Merkel Party Chief Sets Limit on Macron's European Ambitions
(Bloomberg) -- The head of German Chancellor Angela Merkel’s party rejected “European centralism,” reining in French ambitions for joint action against debt and economic inequality.
A European minimum wage, a unified social-security system and joint debt issuance are “the wrong track,” Annegret Kramp-Karrenbauer, a Merkel protegee who leads the governing Christian Democratic Union, said in an op-ed for Welt am Sonntag. Creating a “common market for banks” would be worthwhile, she said.
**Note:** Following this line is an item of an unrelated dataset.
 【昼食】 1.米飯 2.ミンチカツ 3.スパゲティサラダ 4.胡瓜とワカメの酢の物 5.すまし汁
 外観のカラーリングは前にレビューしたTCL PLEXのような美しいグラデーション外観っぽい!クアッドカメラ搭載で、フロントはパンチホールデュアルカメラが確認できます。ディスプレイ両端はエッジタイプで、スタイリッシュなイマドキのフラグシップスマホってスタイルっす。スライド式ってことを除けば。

Seeking to stop the advance of anti-EU nationalists, Macron’s manifesto would create several new agencies, while Kramp-Karrenbauer emphasizes the need for a strategy that links individual states to the approach of the wider region. “The work of the European institutions cannot claim any moral superiority over the collaborative effort of national governments,” she wrote.
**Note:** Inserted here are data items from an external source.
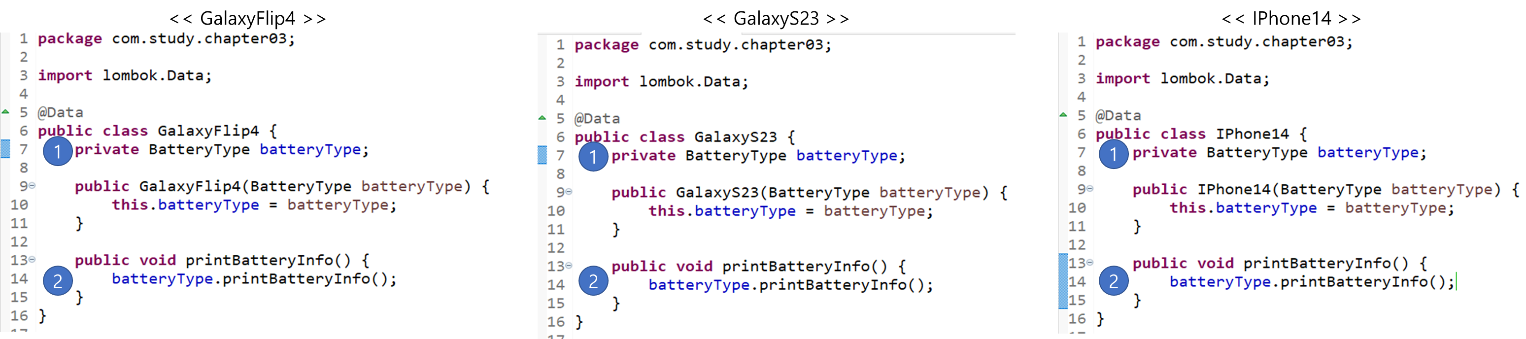 이제 각 스마트폰에서는 문자열 대신 인터페이스를 활용해 다형성이 적용된 베터리 타입을 갖고(1) 베터리 유형에 맞는 정보가 출력(2)되도록 했음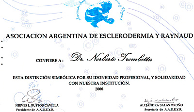 En un acto celebrado por la Legislatura de la ciudad de Bs. As., efectuado el día 24 de noviembre del corriente año, en el "Salón Dorado del Palacio Legislativo" el Dr. Roberto Trombetta y el presidente de ADELO el Dr. en Ciencias Químicas Francisco Bacchetta han sido reconocidos como Personalidades Destacadas por la Asociación Argentina de Esclerodermia y Raynaud .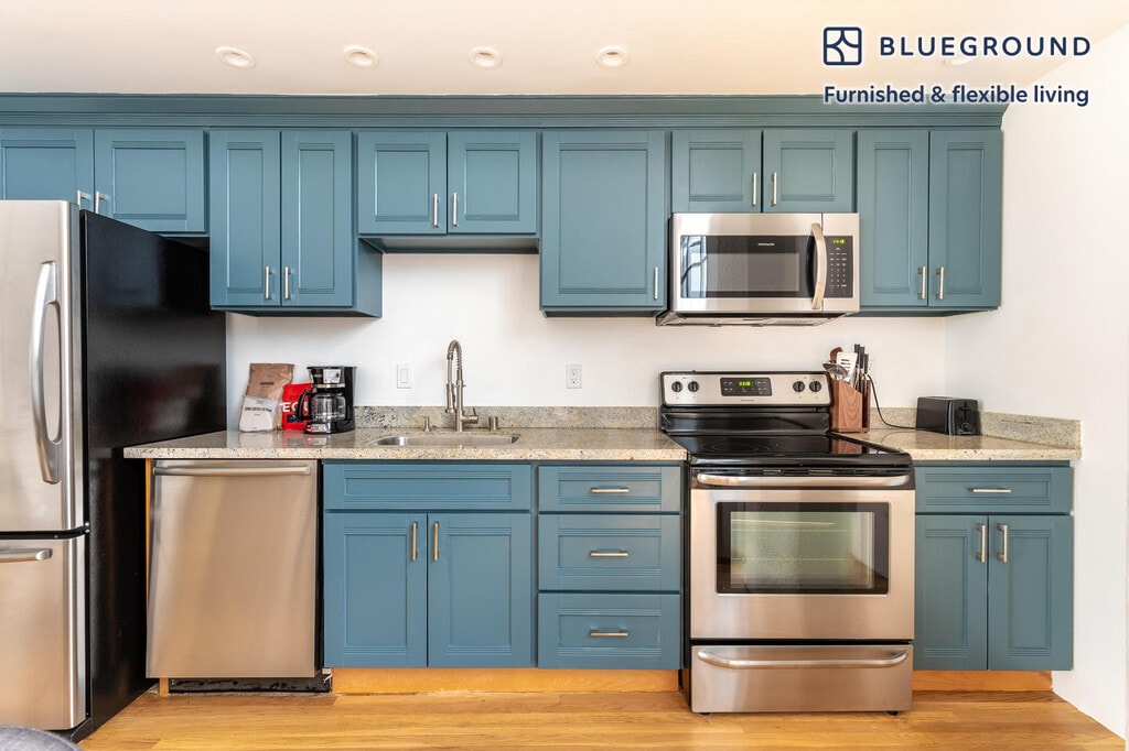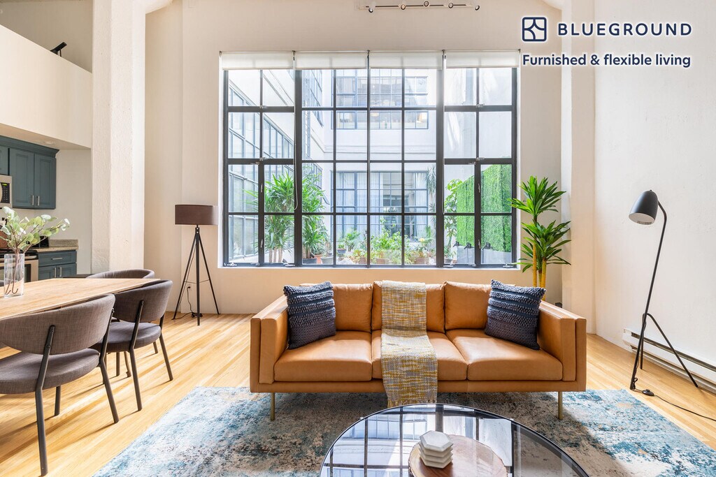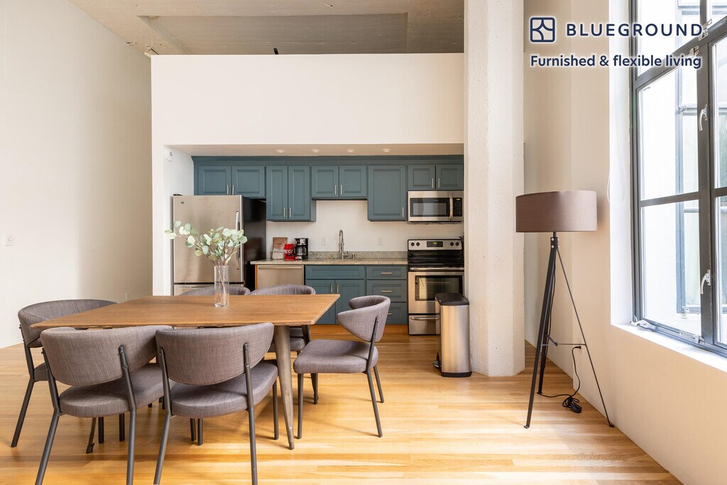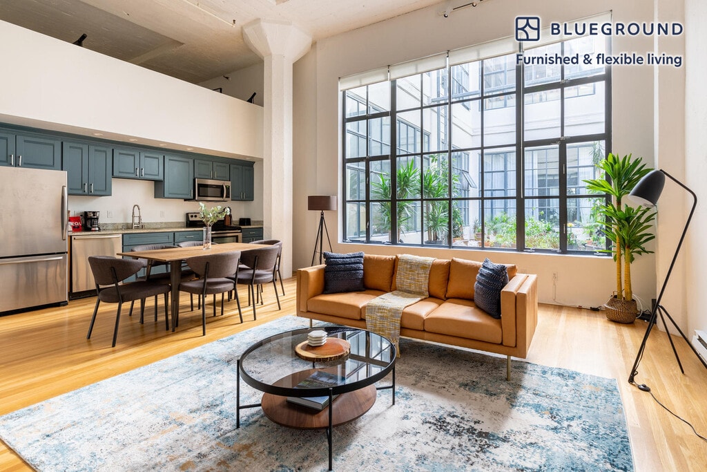 Feel at home wherever you choose to live with Blueground. You’ll love this charming China Basin furnished one bedroom loft with its modern decor, fully equipped kitchen, and beautiful living room. Ideally located, you’re close to all the best that San Francisco has to offer! (ID #SFO1523) The advertised rate of $5,550/month is the lowest available price, based on a 12 month(s) stay with a move-in date of April 17, 2026. Rates vary depending on the duration of stay, season, and other parameters. For exact pricing and additional pricing components, please visit our website and enter your desired move-in and move-out dates. The rate is applicable when billed upfront; it can be higher if billed in multiple payments. Brokers are welcome to reach out. Were you looking for an unfurnished lease? Try Blueground instead and upgrade from unfurnished to furnished living: - Furnished at rates comparable to unfurnished - No setup or furniture costs - save thousands - Move-in ready - save time, just bring your suitcase Designed with you in mind As with any Blueground loft, you’ll find a thoughtfully designed space complete with beautiful furniture and a fully equipped kitchen in this one bedroom property. And, thanks to our superior quality mattresses, luxury linens, and towels, you can relax knowing you’ll always feel comfortably at home. When you’re ready for some fun, you can take in the San Francisco vibes or bring the entertainment to you with the premium wireless speaker or smart TV. This loft also offers in-loft laundry. Sleeping arrangements King Bed, 70.8in/180cm Amenities Building amenities unique to this one bedroom loft include an on-site: - Dryer - Washing machine - Pets allowed Arrival and ongoing support The entire loft is yours to enjoy! Throughout your stay, you’ll have access to our Client Experience team through the Blueground App. You can schedule additional cleanings, submit maintenance requests, and view our neighborhood recommendations with just a few taps. We’ll share all details upon confirmation of your stay. Other things to note This Blueground loft has flexible lease options, allowing you to book it for one month, a year, or more. Pets are welcome, though weight limits and breed restrictions apply and may incur fees. Please keep in mind that this is a walk up building. We take great pride in ensuring every photo displayed is shot in our own units with our actual furnishings. That said, we regularly refresh our decor and furniture arrangement, which may differ from what’s pictured. Also note - There are stairs leading up to the entrance of this apartment, but no elevator

“Our Europe must get stronger,” but the answer can’t simply be to transfer powers away from the national and local levels, the newspaper quoted Kramp-Karrenbauer as saying.
“A new foundation of Europe cannot work without the nation states: They provide democratic legitimacy and identification,” Kramp-Karrenbauer wrote. “It is the member states that formulate and bring together their own interests at the European level. This is what gives Europeans their international weight.”
The German politician also called for the EU to get a common permanent seat in the United Nations Security Council to improve the ability of the bloc to be involved in foreign and security politics. There are currently five permanent seats, held by France, China, Russia, U.S., and U.K.
In proposals more aligned with Macron, she said Europe needs a unified database for tracking immigration, “an accord on gapless border protection” and a European pact for climate protection, which would be hashed out by companies, employees and the public.
Macron’s blueprint for “European renewal” is part of a push by political leaders to blunt the appeal of populist parties, who are seeking to turn European Parliament elections across the EU in May into a referendum on their nationalist visions for the continent.
It’s not the first time Kramp-Karrenbauer has laid down markers. Before CDU delegates elected her in December to succeed Merkel as party chairwoman, she courted German conservatives with a strident tone that departed from Merkel’s measured rhetoric.
“No matter how charming the French are -- in France, it’s always and above all about French interests,” she said in November.